The Affordable Care Act established basic insurance protections for individuals and small businesses buying health insurance on the nongroup market. These have overwhelming popular support—they include guaranteed coverage with nondiscriminatory premiums for people with preexisting conditions, coverage of a basic package of essential health benefits, and limited ability to vary premiums by age.

Last year, the Trump administration and Republican congressional leadership tried a frontal assault on those protections, trying to repeal them in statute. When that effort failed in the face of massive public opposition, the Trump administration began an effort to undermine the ACA marketplace using its regulatory authority and via the legislative repeal of the individual mandate in the December Tax Bill.

Short-term plans are subject to different rules

The ACA always exempted “short-term” plans from the insurance guardrails that apply to regular nongroup coverage: These plans were intended to cover travelers or other people who need 1 to 3 months of coverage to fill gaps in between more permanent insurance arrangements. Last week the Trump administration proposed to greatly broaden the definition of “short-term” to be up to 364 days and then renewable indefinitely, allowing the creation of a parallel system of nongroup coverage that does not comply with core insurance protections around premiums, benefits and preexisting conditions.

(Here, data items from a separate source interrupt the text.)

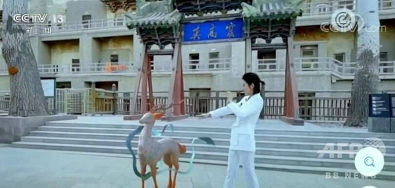 現在、観光客はVR技術を駆使した観光を体験でき、スマートフォンを使って、洞窟の実景とデジタル化された壁画を結びつけた画面を見ることができます。9色のシカや「飛天」(仏教で諸仏<しょぶつ>の周囲を飛行遊泳し、礼賛する天人)が壁画の中から飛び出して観光客と記念写真を撮ることもできます。(c)CGTN Japanese/AFPBB News
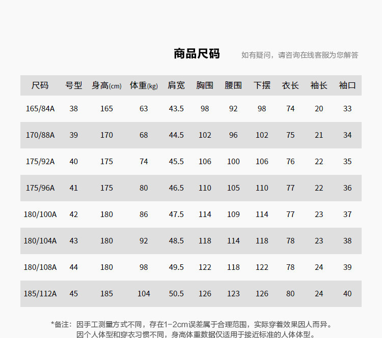 38(推荐58~63kg) 74 43.5 92 20 98 98 165/84A
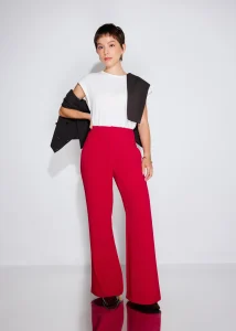 This version is designed in crease-ease crepe to keeps its structure as you move through your day. The super high waist cinches comfortably, while the kick flare silhouette creates the leg-lengthening effect petite shoppers know and love. Finished with functional side pockets for hands-free style and a front fly for easy slip-on.
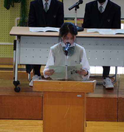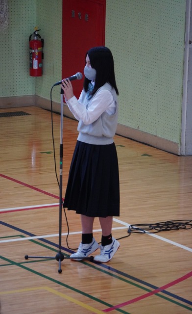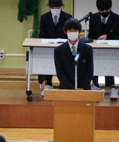 写真上:生徒会本部の活動方針に質問するクラス代表
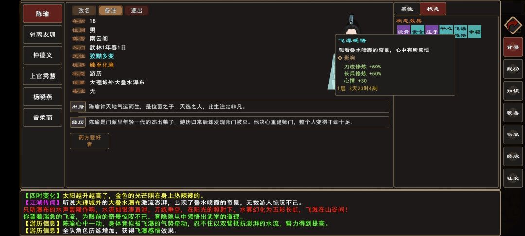 (1)前往 大理城外→大叠水瀑布,触发过场剧情,获得限时状态:[飞瀑感悟]。
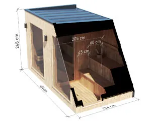 Relaxovat můžete sami nebo se svými blízkými. Bez ohledu na to, zda preferujete trávit čas sami se sebou nebo s rodinou, v Sauně Thermo Premium můžete odpočívat po svém. S plochou 2,2 m x 4 m je dostatečně prostorná, aby bez problémů pojala 4 až 6 osob. Pokud však dáváte přednost resetování o samotě, můžete během relace počítat se soukromím. Umožňuje to silná přední stěna, která je tónovaná tvrzeným sklem. Díky němu můžete volně pozorovat okolí a doufat při tom, že si Vás uvnitř sauny nikdo nevšimne.
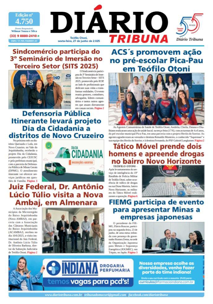 Diário Tribuna, 27 de Junho de 2025, Teófilo Otoni – MG 27/06/2025 0 92 Facebook Twitter Google+ Pinterest WhatsApp Acesse o link abaixo e veja a edição completa do Diário Tribuna desta sexta-feira (27/6/2025) https://diariotribuna.com.br/wp-content/uploads/2025/06/DIARIO-TRIBUNA-55-ANOS-27-JUNHO-2025.pdf
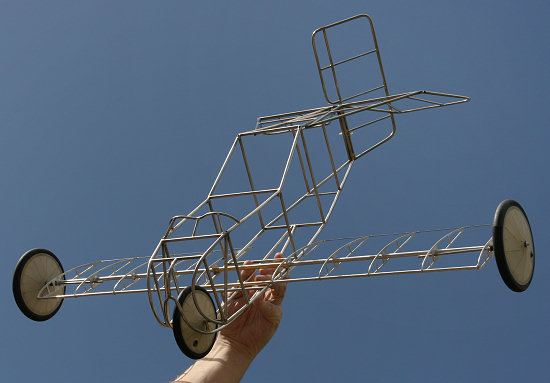 Après une journée de travail, la paire d'ailes inférieure est assemblée. La structure d'une demi-aile pèse 33g + 11g de tube et jonc carbone, total 44g. La paire d'ailes avec ses roues telle qu'elle est sur la photo pèse 195g.
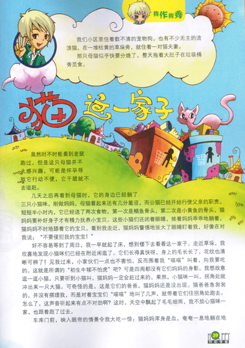 童联社温州作文网学员潘锌窈佳作《怕虫的小t》、叶怀谦佳作《猫这一家子》在青岛《开心学堂》杂志2012年首期发表。

View our fact sheet on the proposed rule: Seven Reasons Short-Term Health Plans Are Harmful for Families

The administration tried to downplay the impact of this change in its regulatory filing. But independent analysts were deeply concerned. The proposal amounted to a bifurcation of the nongroup market very similar to what Sen. Ted Cruz proposed in 2017, in a proposal opposed by numerous major health insurance and medical provider and consumer organizations.Similarly, a broad collection of insurance, provider and consumer groups expressed deep concerns about the Trump Administration’s executive order authorizing the brazen effort to undermine insurance protections by dramatically widening the short-term plan exception.

Trump administration should withdraw this rule

There is still time for the Trump administration to back off of its proposed rule or, more realistically, for Congress to intervene to stop this dangerous bifurcation of the non-group market.  Now we have a quantified demonstration of what is at stake.